I've been using MS Word since I got this laptop, but I was wondering if there was a better one out there, that does spell  and grammar check as well as have a fairly good dictionary and thesaurus.  I've got about a year old laptop with Windows7 installed. Thank you.


----------



## Steerpike (Apr 27, 2012)

Depends on what you mean by better.' LibreOffice is full-featured and free. Abiword has fewer features, but has what most people need and is light on system resources. I like fullscreen writers like FocusWriter. There are also good programs made just for writers like Scrivener and Liquid Story Binder. Yarny is a nice free online program for writers.


----------



## Jabrosky (Apr 27, 2012)

I'm using Scrivener right now. It's handy for planned stories such as the one I'm writing.


----------



## Penpilot (Apr 27, 2012)

I'm a scrivener man too. The windows version isn't as refined as the Mac version, so I find that I have to used the net for my thesaurus needs, but it's a small annoyance, and the feature will get implemented sooner or later. Other programs I've used are yWriter (it's free), Write it now, liquid story binder. 

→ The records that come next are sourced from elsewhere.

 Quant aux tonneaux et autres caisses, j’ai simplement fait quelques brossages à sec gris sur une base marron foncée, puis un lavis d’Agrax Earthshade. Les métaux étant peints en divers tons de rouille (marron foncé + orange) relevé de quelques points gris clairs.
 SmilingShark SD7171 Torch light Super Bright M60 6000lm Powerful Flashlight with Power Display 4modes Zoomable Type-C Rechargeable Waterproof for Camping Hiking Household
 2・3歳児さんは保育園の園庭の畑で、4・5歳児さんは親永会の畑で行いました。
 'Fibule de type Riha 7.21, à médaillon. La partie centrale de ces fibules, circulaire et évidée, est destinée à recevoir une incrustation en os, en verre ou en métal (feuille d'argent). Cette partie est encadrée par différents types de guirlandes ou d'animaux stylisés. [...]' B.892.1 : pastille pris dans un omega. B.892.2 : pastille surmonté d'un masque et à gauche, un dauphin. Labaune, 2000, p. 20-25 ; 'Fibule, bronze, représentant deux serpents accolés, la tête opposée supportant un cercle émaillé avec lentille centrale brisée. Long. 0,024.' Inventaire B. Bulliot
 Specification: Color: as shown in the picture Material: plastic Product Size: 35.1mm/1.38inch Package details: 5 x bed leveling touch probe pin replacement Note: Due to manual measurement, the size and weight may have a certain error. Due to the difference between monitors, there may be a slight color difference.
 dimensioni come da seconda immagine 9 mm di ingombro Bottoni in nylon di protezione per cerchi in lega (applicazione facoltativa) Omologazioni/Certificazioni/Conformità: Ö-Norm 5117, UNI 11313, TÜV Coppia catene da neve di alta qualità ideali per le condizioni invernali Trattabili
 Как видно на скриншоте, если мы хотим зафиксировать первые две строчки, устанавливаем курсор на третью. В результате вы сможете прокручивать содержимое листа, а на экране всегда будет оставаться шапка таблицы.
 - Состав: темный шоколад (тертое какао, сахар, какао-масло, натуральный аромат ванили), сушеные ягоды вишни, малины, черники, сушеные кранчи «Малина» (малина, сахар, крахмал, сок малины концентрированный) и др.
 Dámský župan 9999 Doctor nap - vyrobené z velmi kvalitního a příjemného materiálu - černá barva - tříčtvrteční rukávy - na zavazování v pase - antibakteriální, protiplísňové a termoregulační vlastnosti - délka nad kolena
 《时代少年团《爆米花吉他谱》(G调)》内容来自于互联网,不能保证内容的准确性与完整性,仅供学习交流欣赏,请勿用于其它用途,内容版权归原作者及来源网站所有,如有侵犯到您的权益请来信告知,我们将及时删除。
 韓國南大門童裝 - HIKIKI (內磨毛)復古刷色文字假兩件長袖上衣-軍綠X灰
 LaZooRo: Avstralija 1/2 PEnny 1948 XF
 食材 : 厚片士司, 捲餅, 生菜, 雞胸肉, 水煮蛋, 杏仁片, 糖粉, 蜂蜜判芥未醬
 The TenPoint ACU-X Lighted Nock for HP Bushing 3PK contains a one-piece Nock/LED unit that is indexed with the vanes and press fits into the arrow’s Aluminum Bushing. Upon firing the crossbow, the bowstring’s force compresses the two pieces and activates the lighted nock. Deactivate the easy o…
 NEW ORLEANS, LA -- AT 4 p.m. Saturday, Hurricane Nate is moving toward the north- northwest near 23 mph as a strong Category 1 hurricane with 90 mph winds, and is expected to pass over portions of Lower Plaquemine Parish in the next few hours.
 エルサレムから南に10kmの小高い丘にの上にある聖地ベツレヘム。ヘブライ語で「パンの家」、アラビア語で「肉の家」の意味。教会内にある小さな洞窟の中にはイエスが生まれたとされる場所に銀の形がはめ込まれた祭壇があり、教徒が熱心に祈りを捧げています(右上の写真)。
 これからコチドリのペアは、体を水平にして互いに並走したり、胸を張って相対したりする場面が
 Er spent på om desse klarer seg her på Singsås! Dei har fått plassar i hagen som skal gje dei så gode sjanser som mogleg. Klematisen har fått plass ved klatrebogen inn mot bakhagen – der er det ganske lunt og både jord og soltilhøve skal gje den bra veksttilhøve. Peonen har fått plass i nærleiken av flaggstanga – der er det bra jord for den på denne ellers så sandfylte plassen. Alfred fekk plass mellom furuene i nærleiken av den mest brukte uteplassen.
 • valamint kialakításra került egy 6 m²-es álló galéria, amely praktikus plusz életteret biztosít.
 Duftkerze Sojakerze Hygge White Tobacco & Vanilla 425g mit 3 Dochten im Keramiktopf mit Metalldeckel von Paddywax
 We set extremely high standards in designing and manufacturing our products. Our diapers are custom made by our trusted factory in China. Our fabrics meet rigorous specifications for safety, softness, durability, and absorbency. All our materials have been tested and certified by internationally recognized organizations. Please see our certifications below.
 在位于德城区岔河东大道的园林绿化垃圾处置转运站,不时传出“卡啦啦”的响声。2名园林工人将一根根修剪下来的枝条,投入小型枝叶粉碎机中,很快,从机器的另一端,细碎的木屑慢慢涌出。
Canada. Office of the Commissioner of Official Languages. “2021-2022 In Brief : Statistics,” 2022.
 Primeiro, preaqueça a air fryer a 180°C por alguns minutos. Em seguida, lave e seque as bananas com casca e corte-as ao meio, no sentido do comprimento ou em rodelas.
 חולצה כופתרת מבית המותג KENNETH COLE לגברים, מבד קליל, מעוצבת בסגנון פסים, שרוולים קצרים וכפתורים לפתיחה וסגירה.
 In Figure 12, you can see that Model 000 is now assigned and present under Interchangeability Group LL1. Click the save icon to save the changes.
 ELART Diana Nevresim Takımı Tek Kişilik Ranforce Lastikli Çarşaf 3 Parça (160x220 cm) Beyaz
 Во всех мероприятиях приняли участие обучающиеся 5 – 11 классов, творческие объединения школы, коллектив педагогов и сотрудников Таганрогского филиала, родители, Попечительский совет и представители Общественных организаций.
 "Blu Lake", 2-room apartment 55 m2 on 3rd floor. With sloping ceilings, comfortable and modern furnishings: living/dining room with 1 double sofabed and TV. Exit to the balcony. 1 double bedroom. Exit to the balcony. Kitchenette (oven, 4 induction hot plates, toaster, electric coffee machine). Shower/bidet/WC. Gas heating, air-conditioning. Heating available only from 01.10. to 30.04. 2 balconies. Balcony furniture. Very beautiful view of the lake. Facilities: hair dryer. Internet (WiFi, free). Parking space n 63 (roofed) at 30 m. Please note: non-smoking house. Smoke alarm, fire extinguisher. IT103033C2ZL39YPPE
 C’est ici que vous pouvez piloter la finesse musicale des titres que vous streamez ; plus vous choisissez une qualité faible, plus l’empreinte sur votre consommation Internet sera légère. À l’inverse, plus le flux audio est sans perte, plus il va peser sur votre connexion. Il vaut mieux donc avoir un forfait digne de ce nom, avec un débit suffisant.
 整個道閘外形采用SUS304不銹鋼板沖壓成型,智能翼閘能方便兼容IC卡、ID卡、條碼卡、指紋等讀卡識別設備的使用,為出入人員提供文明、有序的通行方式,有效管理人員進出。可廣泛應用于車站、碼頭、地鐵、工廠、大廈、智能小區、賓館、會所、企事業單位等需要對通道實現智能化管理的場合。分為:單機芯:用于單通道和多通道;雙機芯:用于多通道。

I like scrivener because using it can be as simple or as complicated as you want, if that makes any sense. The key features I like are the note carding/ cork board feature, the ability to version your scenes individually with the ability to revert back and forth, the ability to keep all your notes and research bundles with the actual manuscript, and finally the ability to compile a manuscript based on specific choices you set into various formats. For example you can write your manuscript single spaced, with in-line annotations to yourself, in what ever font you want, and when you use the compile function, it will export the manuscript into say a word doc, double spaced, in courier font, without the annotations if you choose, with a cover page, and if you want chapter headings.


----------



## Steerpike (Apr 27, 2012)

I've only used the linux version of Scrivener. I think LSB for Windows is good for that kind of program as well. They both seem to get the job done. Lately, I'm just using a text editor.


----------



## Christopher Wright (Apr 27, 2012)

The windows version of Scrivener works pretty well under Wine.


----------



## Steerpike (Apr 27, 2012)

Christopher: Do you know if it differs in functionality from the Linux version?


----------



## Christopher Wright (Apr 27, 2012)

Well if you're running a 64 bit system you can't use the spellchecker in the Linux version, because the spellchecker uses 32 bit libraries. If you install the 32 bit libraries (tricky, but possible) you get rudimentary spellchecking functionality but it won't remember words. So for example if you have an exotic name of a location that you've added to a dictionary, it won't actually stick and will be flagged as a misspelled word every time.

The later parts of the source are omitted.